* _EXERCISE REQUIREMENTS_:
Copy the material below verbatim from the line with "T-Shirt met korte" to the line with "Masked Rider turns", both lines included, omitting pictures and every line outside that range.

* _THE DATA_:
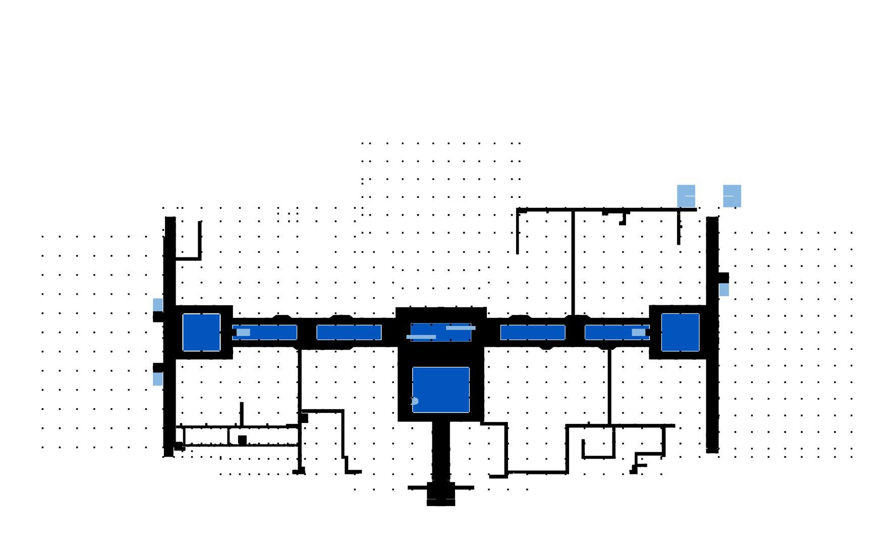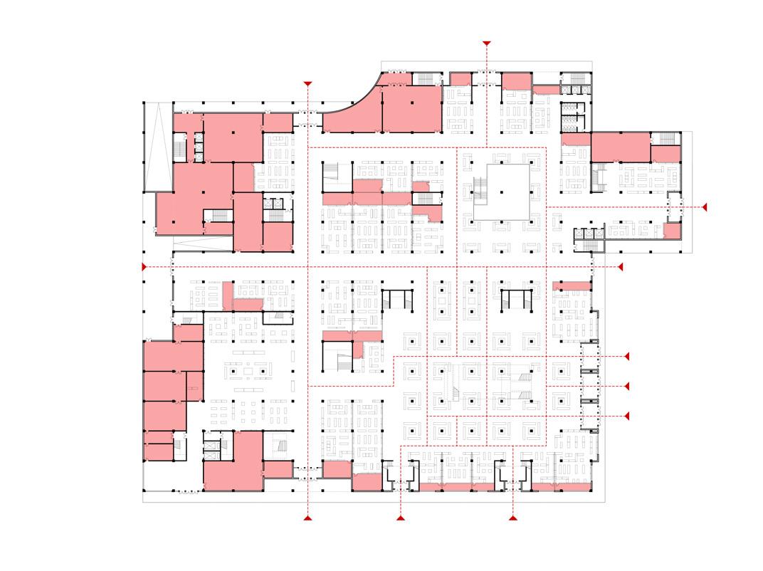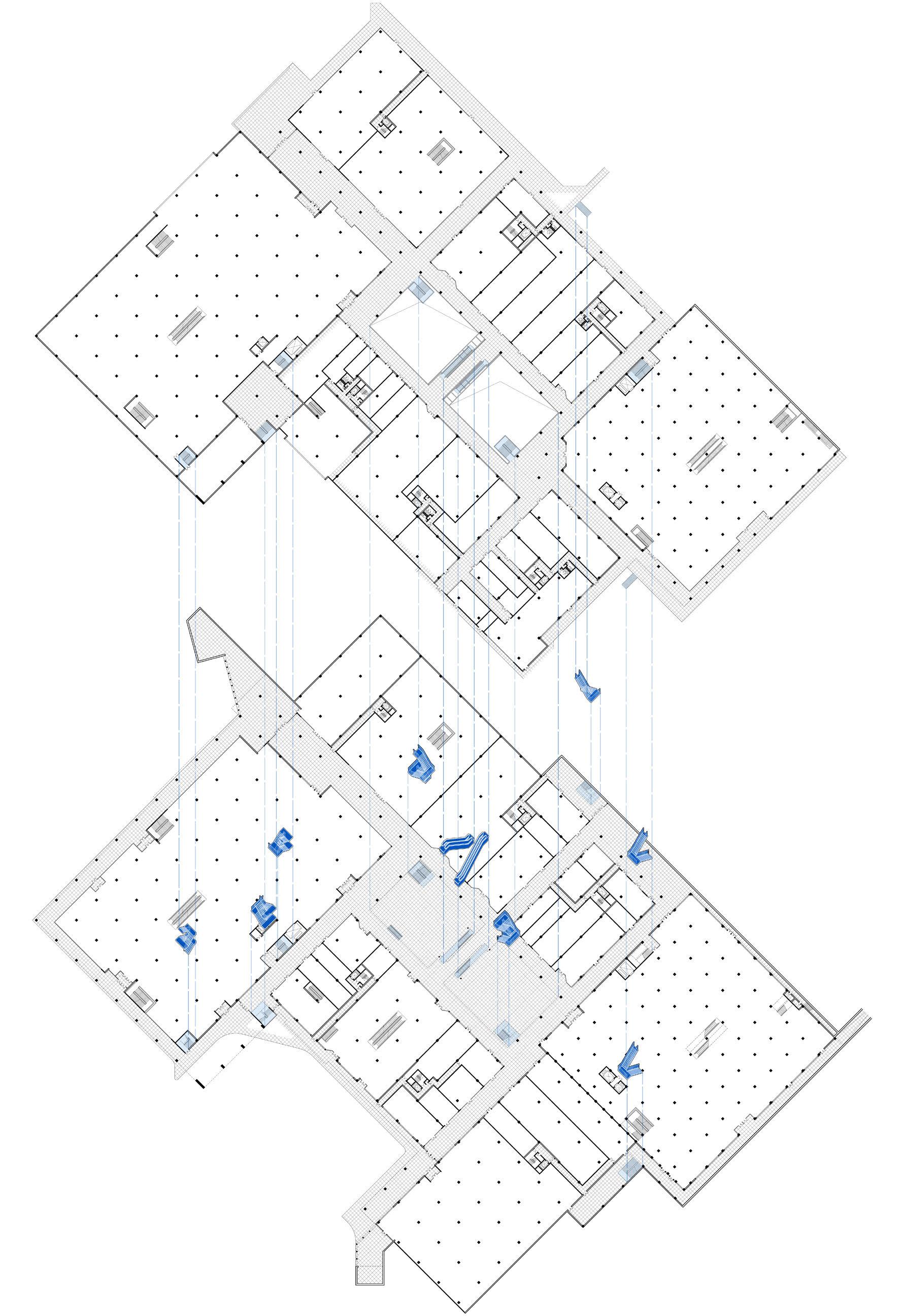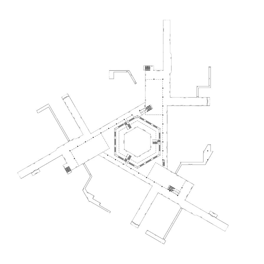 Fig 101. New cor ridor system changes circulation in three buildings. Drawn by author.
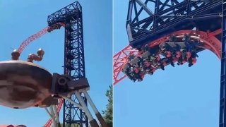 เกิดเหตุรถไฟเหาะในอเมริกา ค้างแบบห้อยหัวนาน 3 ชม.
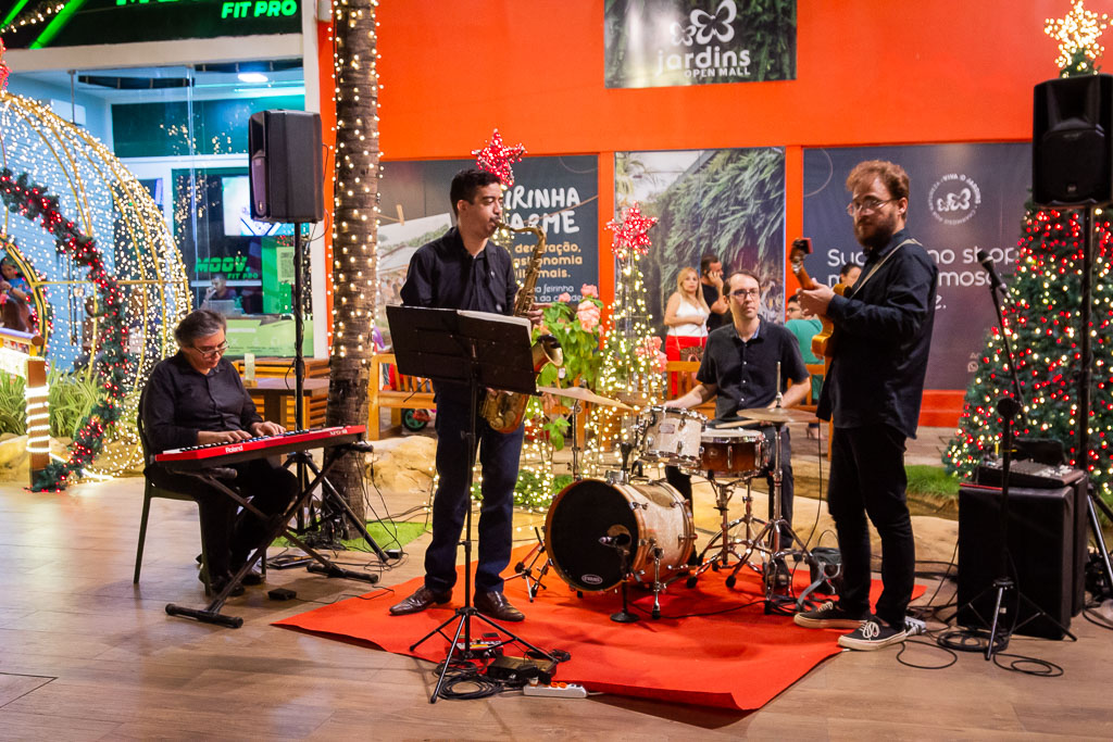 O Jardins Open Mall celebrou, na noite desta quarta-feira (6), a chegada do Papai Noel. O bom velhinho desembarcou no shopping e foi recebido com uma série de atrações, como apresentação de jazz natalino, intervenções culturais com personagens e show de mágica. Os convidados especiais da ocasião foram recepcionados no tradicional restaurante Geppos Italiano.
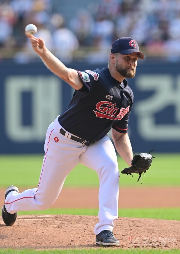 3일 서울 잠실야구장에서 열린 ‘2022 신한은행 SOL KBO리그’ LG 트윈스와 롯데 자이언츠의 경기에서 선발 투수로 마운드에 오른 롯데 스파크맨이 역투하고 있다.
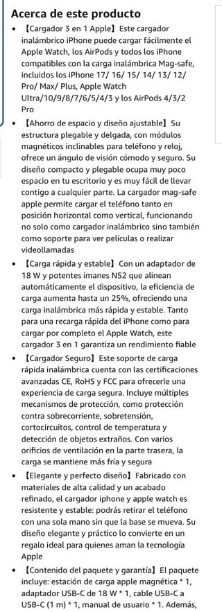 TODOS NUESTROS PRODUCTOS SON COMPLETAMENTE NUEVOS Y CON DESCUENTOS BRUTALES. IMPORTANTE: 1. Precio Fijo no negociable. No respondemos a mensajes de regateo. 2. No comunicamos fuera de la plataforma: no pidan eMail o teléfono. DESCRIPCION COMPLETA EN LA SEGUNDA IMÁGEN QTlier 3 en 1 Cargador inalámbrico Compatible con mag-Safe, 18W Estación de Carga Rápida Cargador Inalámbrico para iPhone 17/16/ 15/14/ 13/12, AirPods Apple Watch, Adaptador Incluido - Negro - Diseño elegante en color gris. - Soporte para iPhone. - Base para Apple Watch. - Compartimento para AirPods.
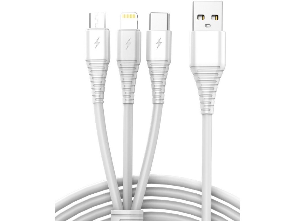 USB kabel 3v1 micro USB, USB-C, lightning 1m bílý VA0122 Vayox- Kabel podporuje rychlé nabíjení 3A
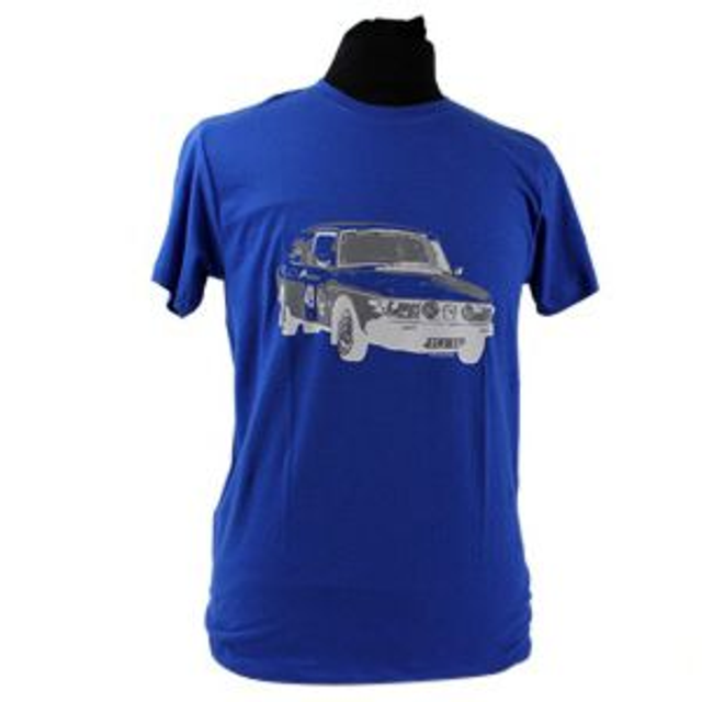 T-Shirt met korte mouwen in de kleur kobalt blauw, bedrukt met Saab 99, alleen nog verkrijgbaar in maat S.
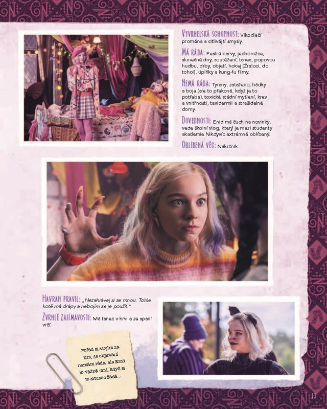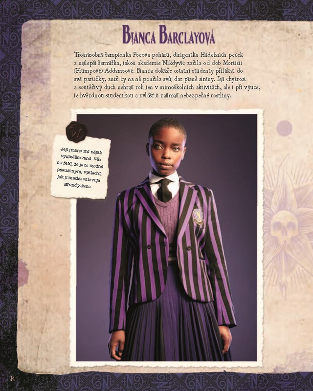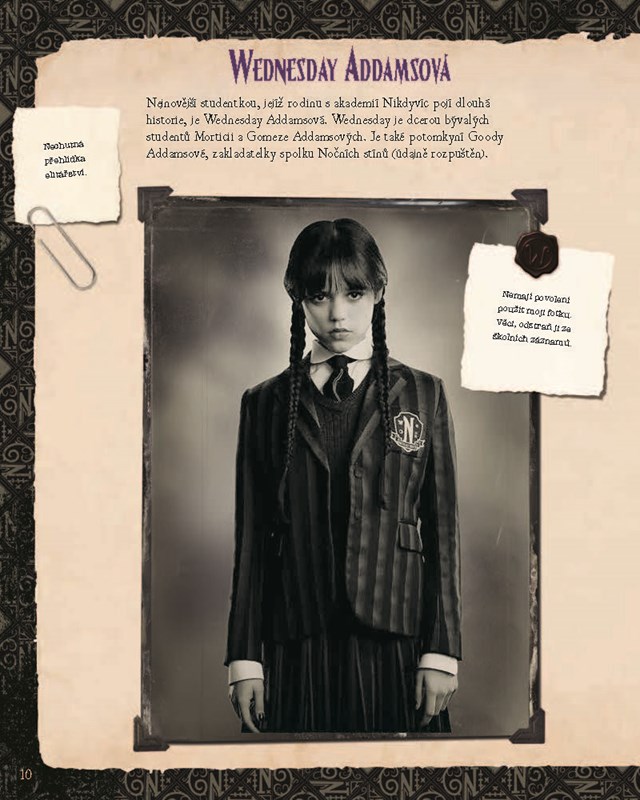 Uvnitř této obsáhlé příručky najdete vše, co potřebujete vědět o nadpřirozených studentech, zaměstnancích a absolventech akademie Nikdyvíc. Ponořte se do temné a podivné historie města Jericho, jeho zakládajících rodin a odhalte, jak akademie Nikdyvíc vznikla. Svět úspěšného seriálu Wednesday čeká na své nejděsivější čtenáře!
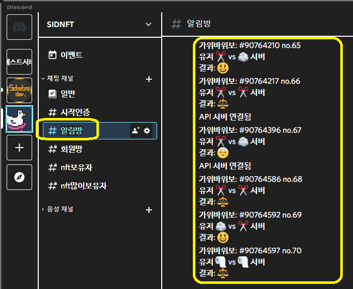참고해주세요디스코드봇과 연동했습니다. 디스코트로와서 구경해보세요
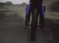 Masked Rider turns Combat Chopper around and resumes driving him. |
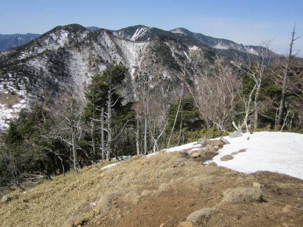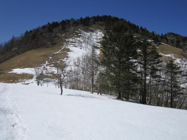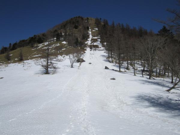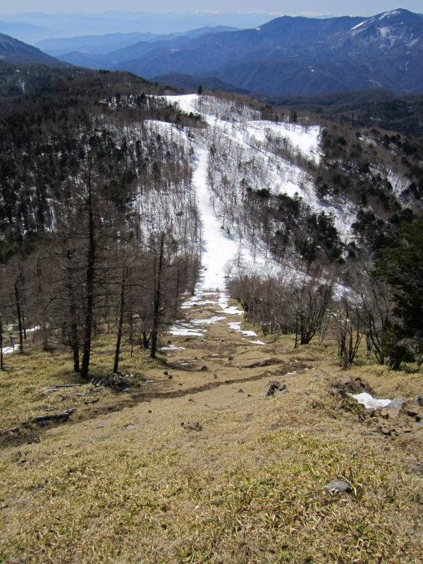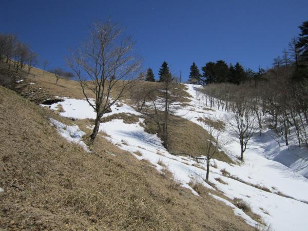 - 笠取山頂上直下と雁峠南面直下のみ夏道が現れていますが、全般的にまだ雪に覆われていました。

* _YOUR SOLUTION_:
 T-Shirt met korte mouwen in de kleur kobalt blauw, bedrukt met Saab 99, alleen nog verkrijgbaar in maat S.
 Uvnitř této obsáhlé příručky najdete vše, co potřebujete vědět o nadpřirozených studentech, zaměstnancích a absolventech akademie Nikdyvíc. Ponořte se do temné a podivné historie města Jericho, jeho zakládajících rodin a odhalte, jak akademie Nikdyvíc vznikla. Svět úspěšného seriálu Wednesday čeká na své nejděsivější čtenáře!
참고해주세요디스코드봇과 연동했습니다. 디스코트로와서 구경해보세요
 Masked Rider turns Combat Chopper around and resumes driving him. |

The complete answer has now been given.